◆ WHAT NEEDS TO BE DONE ◆
Return every entry below word for word and leave out any picture.

Stored entries
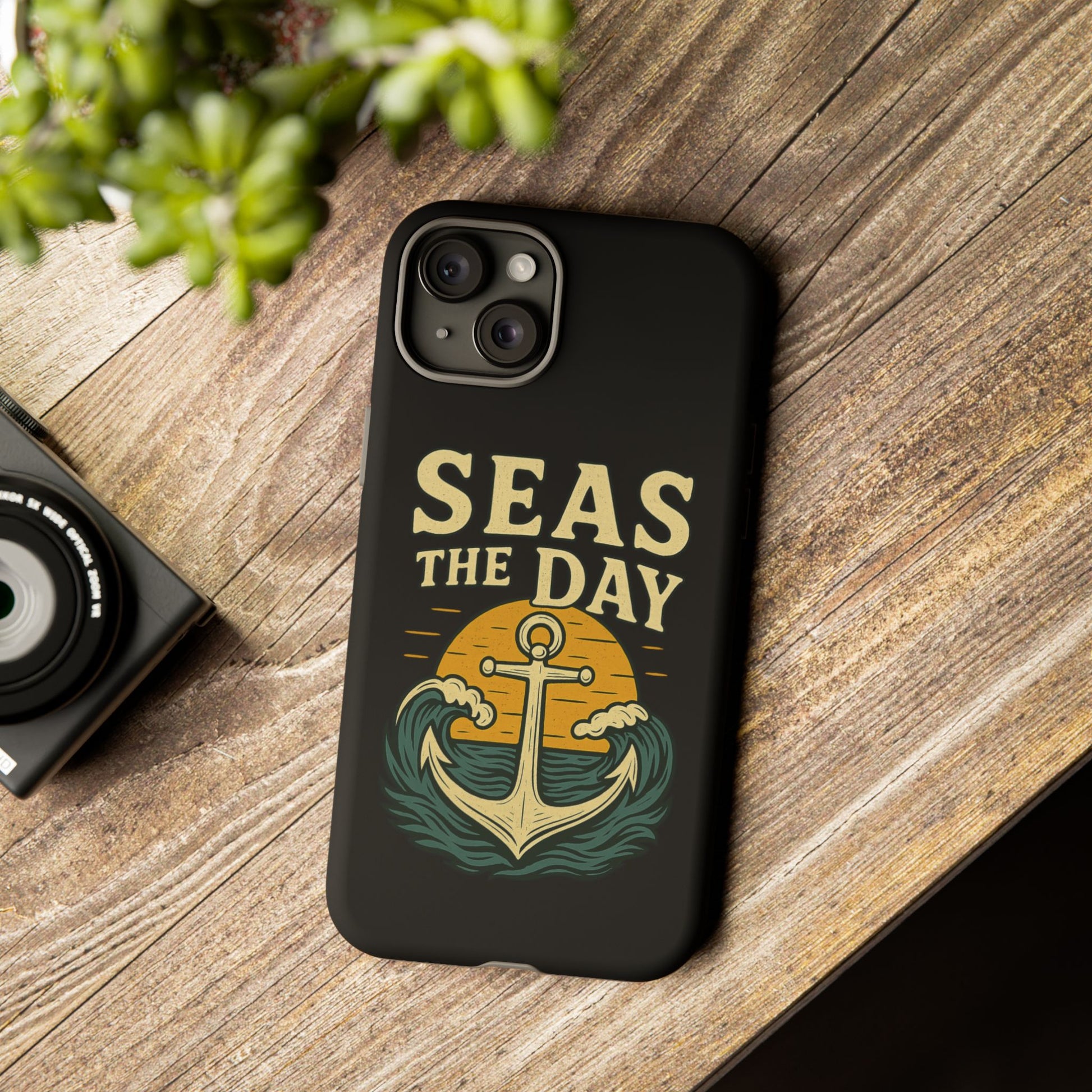 Protect your phone in style with this “Seas the Day” iPhone case, a perfect blend of adventure, pun-filled motivation, and nautical charm. Featuring a bold anchor surrounded by ocean waves and a golden sun, this phone case is ideal for sailors, beachgoers, and dream chasers alike.
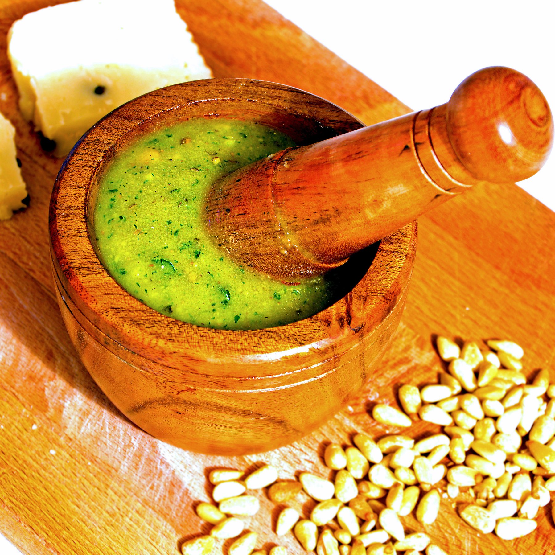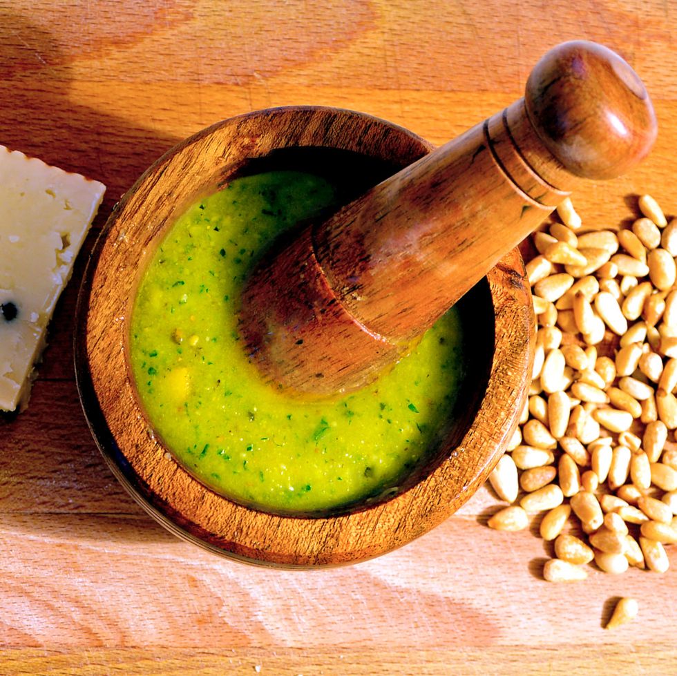 Pesto is a sauce that originates from Genoa in Northern Italy made with basil, pine nuts, garlic and two typical Italian cheeses. Here is my recipe using the tradition method of mortar-pestle.
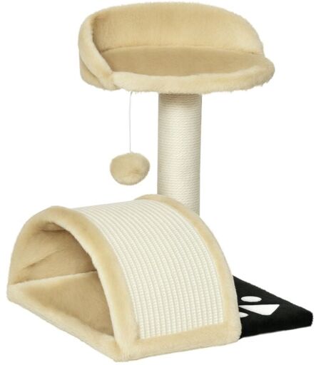 Pawhut - Arbre à chat griffoir grattoir design jeu boule suspendue + plateforme peluche sisal naturel beige
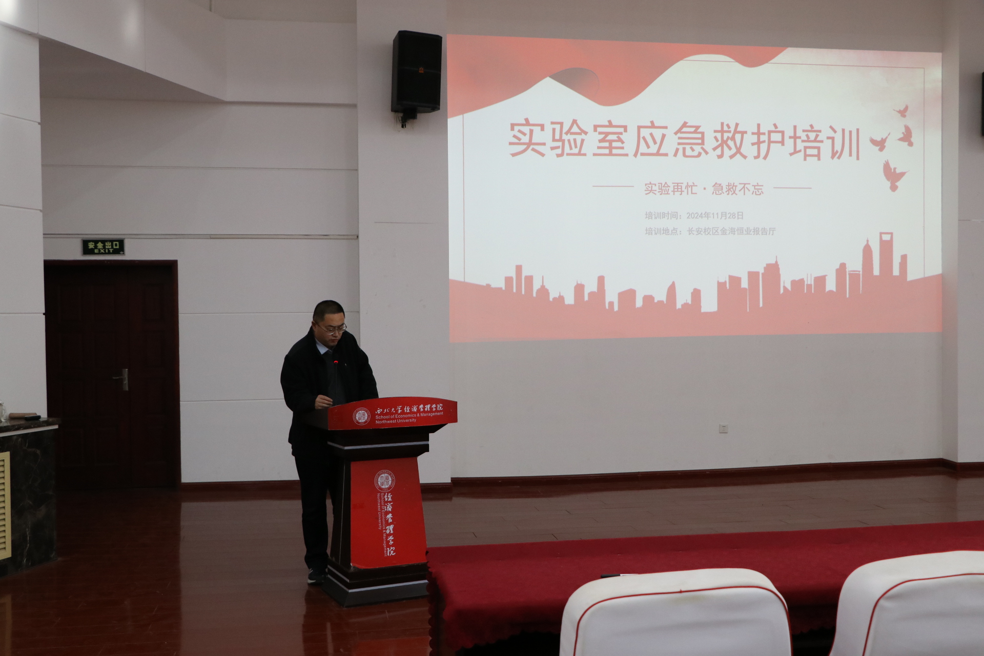实验室建设与管理处负责人首先结合学校实验室安全实际情况,向参训人员强调了实验室应急救护的重要性。他指出,学校实验室内危险源多、安全风险高,学习应急救护、处置突发情况,可能避免事故发生或挽救一条生命。
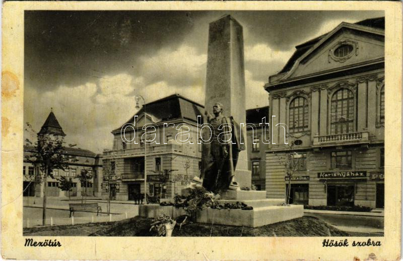 Leírás: Mezőtúr, Hősök szobra, emlékmű, harisnyaház, üzletek (fa)

◆ ANSWER ◆
 Protect your phone in style with this “Seas the Day” iPhone case, a perfect blend of adventure, pun-filled motivation, and nautical charm. Featuring a bold anchor surrounded by ocean waves and a golden sun, this phone case is ideal for sailors, beachgoers, and dream chasers alike.
 Pesto is a sauce that originates from Genoa in Northern Italy made with basil, pine nuts, garlic and two typical Italian cheeses. Here is my recipe using the tradition method of mortar-pestle.
 Pawhut - Arbre à chat griffoir grattoir design jeu boule suspendue + plateforme peluche sisal naturel beige
实验室建设与管理处负责人首先结合学校实验室安全实际情况,向参训人员强调了实验室应急救护的重要性。他指出,学校实验室内危险源多、安全风险高,学习应急救护、处置突发情况,可能避免事故发生或挽救一条生命。
 Leírás: Mezőtúr, Hősök szobra, emlékmű, harisnyaház, üzletek (fa)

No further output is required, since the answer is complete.